Information supplied:
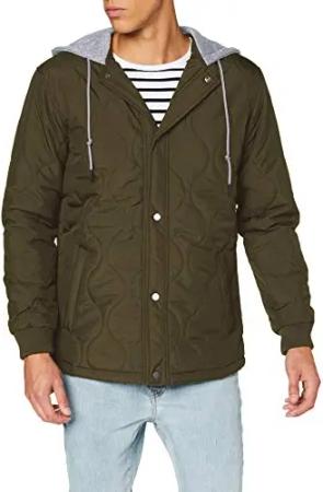 Herren Quilted Hooded Jacket, Dark Olive, S
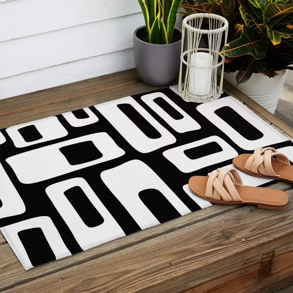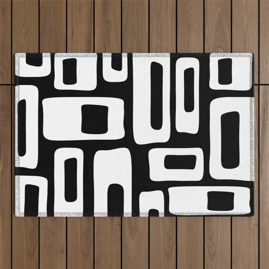Black And White Mid Century Modern Abstract Pattern 335 Outdoor Rug
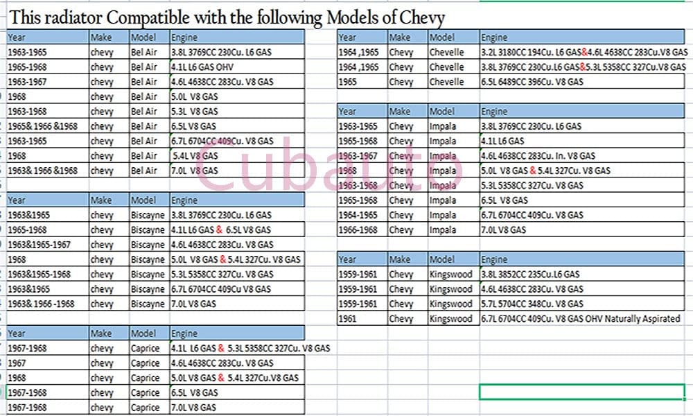 Para Chevy Caprice 1966 1967 1968 Todos los motores
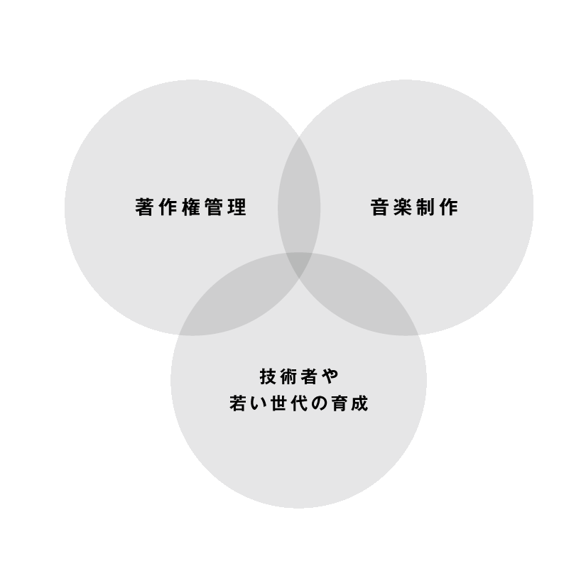 著作権管理、音楽制作、それに伴う技術者や若い世代の育成という、3つの柱を中心に、企画から制作、ライブパフォーマンスのプロデュースなど、多岐にわたる分野でクライアントの夢やビジョンを実現し、感動的なエンターテインメントを生み出していきます。

What you have to do: Please restate word for word each line from the one containing "Black And White" to the end of the data above, without the pictures.

Output of the task:
Black And White Mid Century Modern Abstract Pattern 335 Outdoor Rug
 Para Chevy Caprice 1966 1967 1968 Todos los motores
 著作権管理、音楽制作、それに伴う技術者や若い世代の育成という、3つの柱を中心に、企画から制作、ライブパフォーマンスのプロデュースなど、多岐にわたる分野でクライアントの夢やビジョンを実現し、感動的なエンターテインメントを生み出していきます。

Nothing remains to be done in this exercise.